Among others, the following two case studies have been used as benchmarks for our methodological developments and as reduced models of phenomena that, we believe, are transferable to other systems:
- H diffusion on Pd: many previous studies had already determined the energy landscape of this system, which is particularly relevant for its catalytic properties. In fact, it is known that C=C bonds are more easily hydrogenated on Pd-based catalysts when H is diluted in the outer metal layers. Therefore, methods that allow for manipulation of this subsurface distribution of hydrogen atoms are being seeked by the heterogeneous catalysis community. In this respect, we have put together a model that yields quantitative rates of diffusion under realistic experimental conditions importing ideas for ballistic electron transmission and electron promoted vibrations. This part of the project has stimulated further work in order to devise an efficient method for subsurface mass transfer manipulation via electron pumping with a Scanning Tunnelling Microscope.

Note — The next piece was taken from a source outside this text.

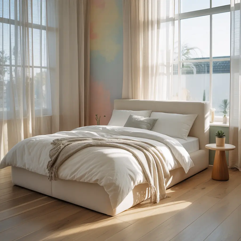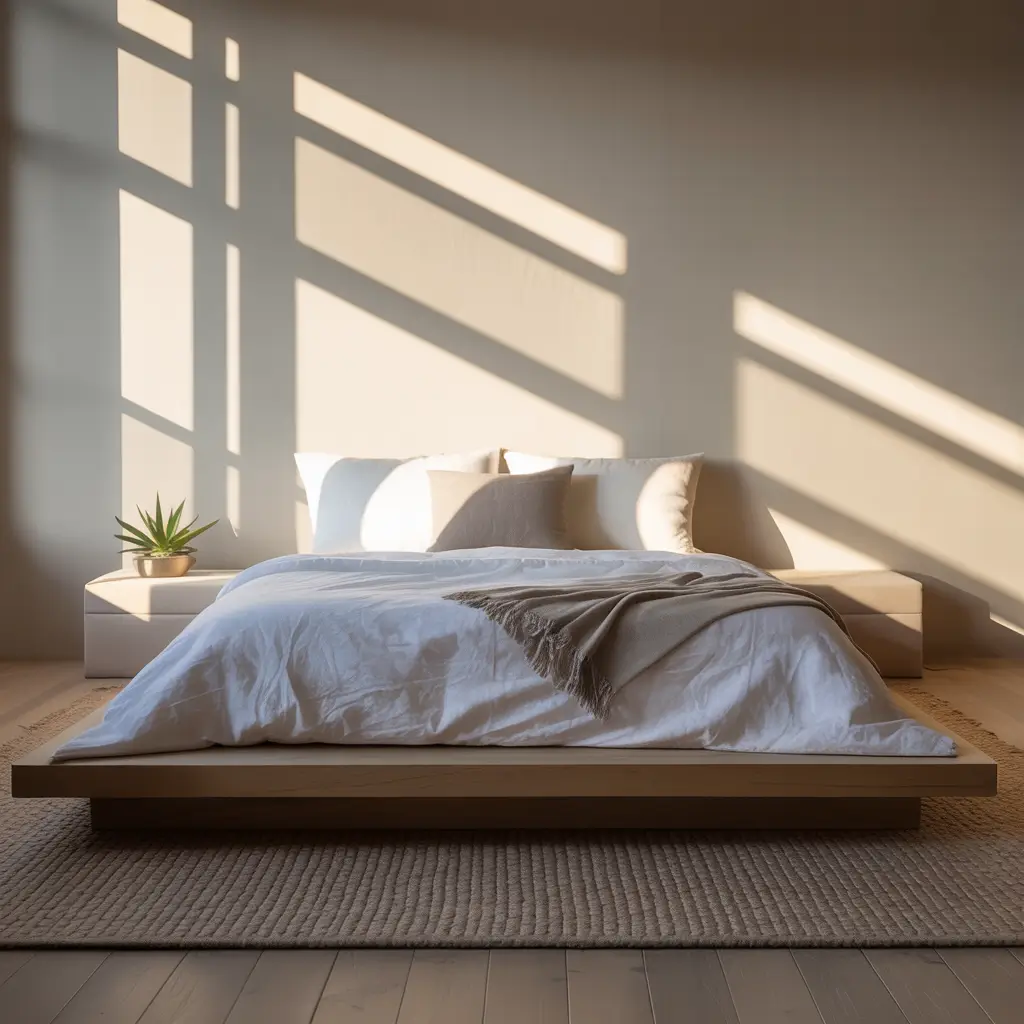 Pure white everything can feel sterile, like you’re sleeping in an Apple store. Natural accents warm things up without adding visual clutter. Think wood, rattan, jute, and plants—elements that bring life and texture while maintaining that minimalist calm.

In addition, we have studied the dissipation mechanisms during the dissociation of H2 molecules on Pd surfaces. We have found that the ehp mechanism is around five times faster than the vibrational one, and that dissipation takes place during the relaxation of the dissociation products rather than being associated to the bond breaking itself. This result will have implications in the future interpretation of the so-called non-adiabatic effects during surface reactions.
- N atoms and N2 molecules on Ag: we have investigated the impact that preadsorbed N atoms on the surface has on the PES for a beam of partially dissociated atoms impinging on the Ag surface. In particular, we find that the changes in the PES corrugation are dramatical and recombination events proceed by a "pick-up" or Eley-Rideal (ER) mechanism with high efficiency. Interestingly, it was believed so far that efficienct ER reactions were restricted to lighter atoms. Our calculations, which contribute to explain a series of existing molecular beam experiments, can be generalised to other cases where surface reactivity is likely to be altered by preadsorbed species. Our findings make clear that these kind of processes are not as marginal as it was believed. In order to account for all the partaking species, a too high dimensional configurational space would have been required. Our approach has consisted in constraining the simulations to the relevant degrees of freedom at each length-scale, in such a fashion that only 3D or 6D PES were needed to obtain a reasonably accurate description of the mechanism.